Каждые тридцать секунд Фабьен нагибается к приборам, чтобы проверить гироскоп и компас. Он не рискует больше включать красные лампочки: они надолго ослепляют его; но от приборов со светящимися циферблатами льется бледное звездное сияние. Здесь, среди стрелок и цифр, пилот испытывает обманчивое чувство безопасности; подобное ощущение бывает у человека в каюте корабля, когда волны перекатываются через палубу. С такой же ужасающей неумолимостью на самолет катится ночь и с нею все, что несет она в своем мраке: скалы, обломки, холмы…
«Где мы?» — снова спрашивает радист.
Фабьен опять наклоняется влево и возобновляет свое угрюмое бдение. Он уже не знает, сколько времени, сколько усилий понадобится ему, чтобы сбросить эти мрачные узы. Быть может, он вообще никогда не освободится от них; он поставил свою жизнь на карту — на эту грязную и скомканную бумажку, которую он разворачивает и читает в тысячный раз, стремясь почерпнуть в ней надежду. «Три-лью: небо закрыто на три четверти, ветер западный, слабый.» Если Трилью закрыт на три четверти, то в разрывах туч можно будет разглядеть его огни. Если только…
Эта слабая надежда побуждает Фабьена лететь вперед, но сомнения не оставляют его; он кое-как царапает записку: «Не знаю, смогу ли пробиться. Спросите, по-прежнему ли ясно позади нас».
Ответ удручающий:
«Комодоро передает: вернуться сюда невозможно. Буря».
Фабьен начинает догадываться: невиданная буря, бушующая над Андийскими Кордильерами, переменила фронт и двинулась к морю. Прежде чем Фабьен сможет добраться до городов, на них обрушится циклон.

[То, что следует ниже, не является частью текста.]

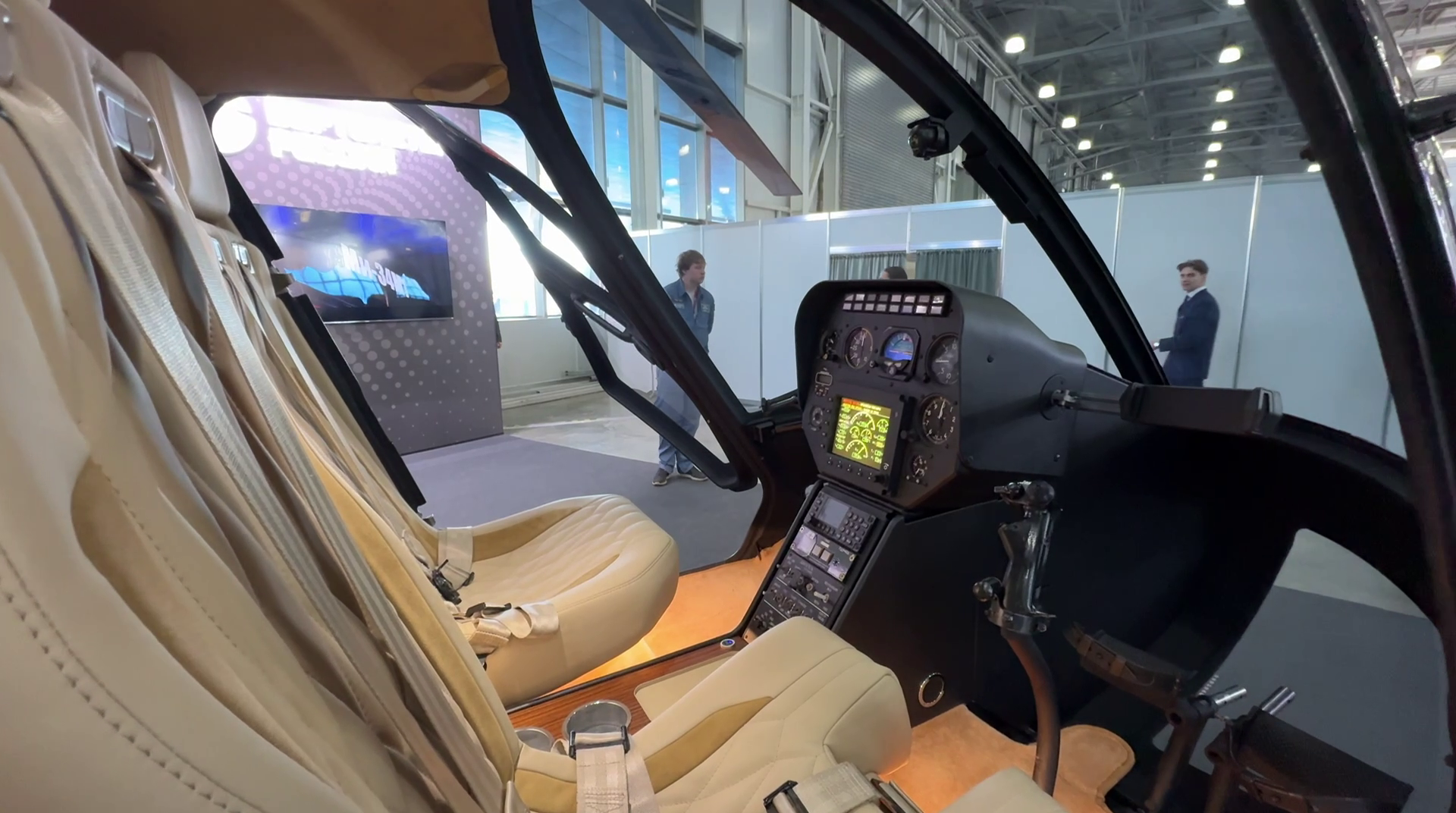 На выставке NAIS в московском «Крокусе» состоялась премьера нового российского вертолета Ми-34М1. Сейчас Ростех показал салон новинки.

«Узнайте погоду в Сан-Антонио.»
«Сан-Антонио отвечает: поднимается западный ветер; на западе — буря. Небо закрыто полностью. В Сан-Антонио плохая слышимость: помехи. Я тоже слышу плохо. Думаю, скоро придется убрать антенну — мешают разряды. Не собираетесь ли повернуть? Каковы ваши планы?»
«Оставьте меня в покое. Запросите погоду в Вайя-Бланке.»

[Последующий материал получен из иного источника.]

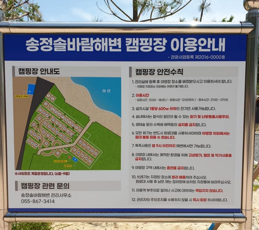 - 송정 솔바람 해변 캠핑장 이용요금 : 1박 2만 원, 입장시간 12:00 ~ 18:00 / 퇴장시간 : 익일 12:00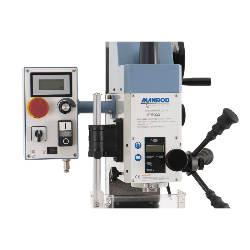 A Furadeira Fresadora MR-222 da MANROD possui capacidade de furação até 20 mm, cabeçote inclinável ±90°, indicadores digitais e mesa coordenada, oferecendo precisão e versatilidade para operações de usinagem.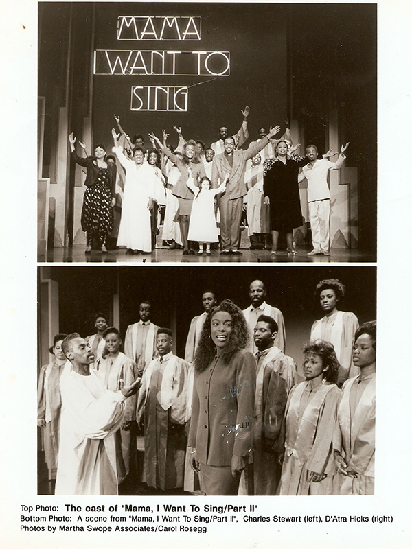 MAMA I WANT TO SING as a member of the Ensemble – 1989 Off-Broadway, 1990 Amerika-Tournee, 1992 Europa-Tournee

«Вайя-Бланка отвечает: меньше чем через двадцать минут с запада обрушится на Вайя-Бланку сильная гроза.»
«Запросите Трилью о погоде.»
«Трилью отвечает: с запада идет ураган скоростью тридцать метров в секунду. Шквалы дождя.»
«Передайте в Буэнос-Айрес: заперты со всех сторон; фронт бури развертывается на тысячу километров; полная потеря видимости. Что нам делать?»
Для пилота эта ночь была безбрежной. Она не вела ни к порту (все они казались недоступными), ни к рассвету — через час сорок минут должен был кончиться бензин. Рано или поздно, так ничего и не видя, они рухнут в бездну.
Только б дождаться рассвета…
Утренняя заря представлялась Фабьену золотым песчаным пляжем, к которому их могло прибить после испытаний страшной ночи.